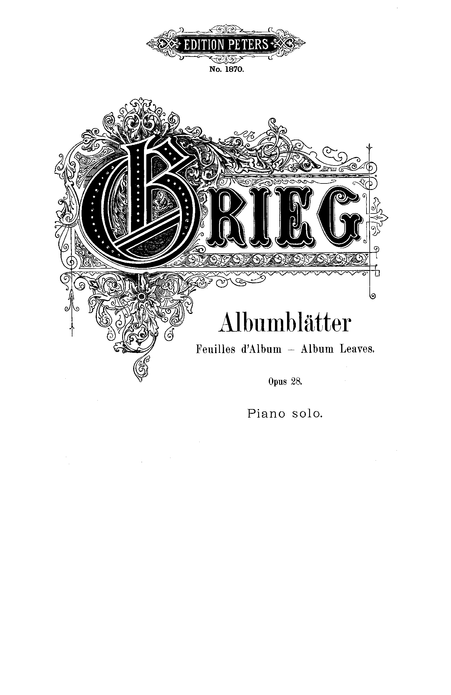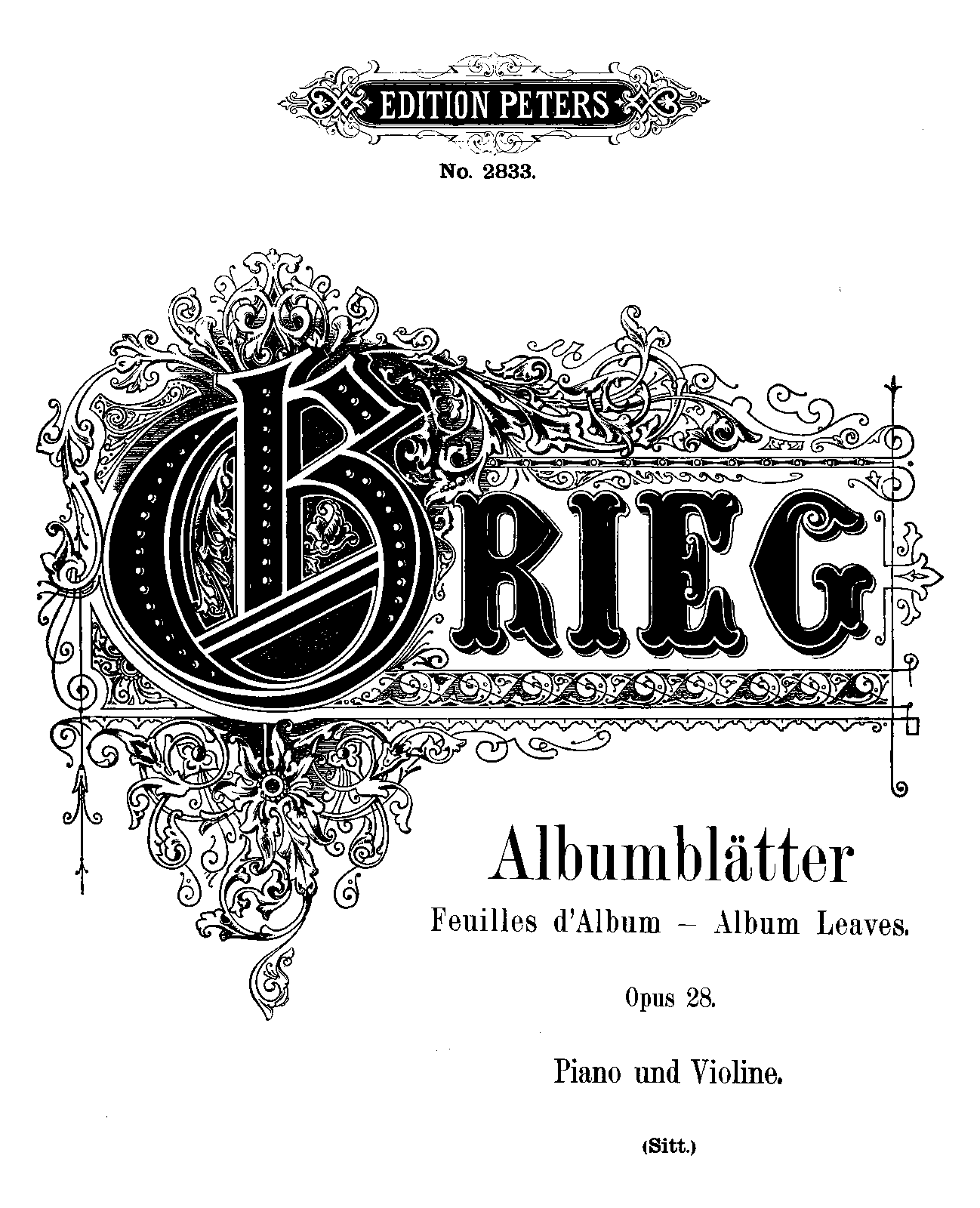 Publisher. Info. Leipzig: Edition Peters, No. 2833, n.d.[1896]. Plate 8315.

...

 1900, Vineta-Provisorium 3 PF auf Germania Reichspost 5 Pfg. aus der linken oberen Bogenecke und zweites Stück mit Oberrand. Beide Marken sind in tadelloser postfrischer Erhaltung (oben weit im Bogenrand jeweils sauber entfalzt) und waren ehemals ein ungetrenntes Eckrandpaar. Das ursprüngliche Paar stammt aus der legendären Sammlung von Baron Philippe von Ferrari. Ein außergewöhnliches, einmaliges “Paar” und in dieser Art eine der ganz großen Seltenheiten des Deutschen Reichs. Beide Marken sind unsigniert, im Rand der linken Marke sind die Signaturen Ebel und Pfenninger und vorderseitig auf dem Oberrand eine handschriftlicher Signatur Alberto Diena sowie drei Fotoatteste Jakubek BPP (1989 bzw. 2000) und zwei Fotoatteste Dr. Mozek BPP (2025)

--

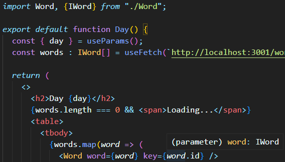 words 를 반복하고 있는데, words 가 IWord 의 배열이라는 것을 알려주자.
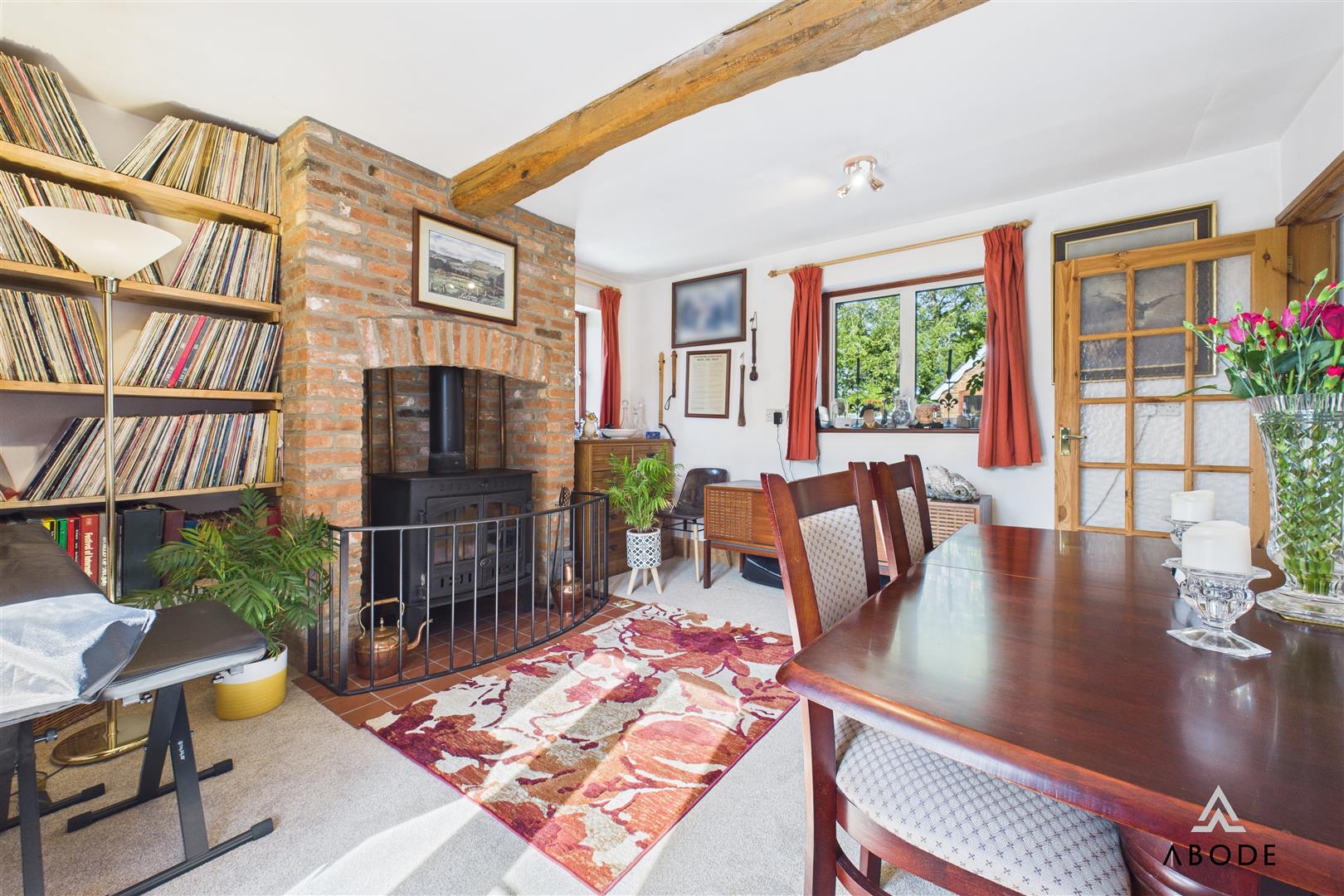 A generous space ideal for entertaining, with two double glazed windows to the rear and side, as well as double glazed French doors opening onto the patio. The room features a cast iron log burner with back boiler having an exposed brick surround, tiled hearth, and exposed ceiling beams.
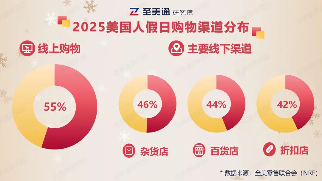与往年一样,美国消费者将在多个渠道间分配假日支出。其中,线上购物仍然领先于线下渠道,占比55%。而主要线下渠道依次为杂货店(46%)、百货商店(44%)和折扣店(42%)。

__Your instructions__: Your task is to copy only the lines above starting at the one containing "words 를 반복하고" and ending at the one containing "与往年一样,美国消费者将在多". Copy them exactly, both ends included, and omit the pictures.

__Exercise answer__:
 words 를 반복하고 있는데, words 가 IWord 의 배열이라는 것을 알려주자.
 A generous space ideal for entertaining, with two double glazed windows to the rear and side, as well as double glazed French doors opening onto the patio. The room features a cast iron log burner with back boiler having an exposed brick surround, tiled hearth, and exposed ceiling beams.
与往年一样,美国消费者将在多个渠道间分配假日支出。其中,线上购物仍然领先于线下渠道,占比55%。而主要线下渠道依次为杂货店(46%)、百货商店(44%)和折扣店(42%)。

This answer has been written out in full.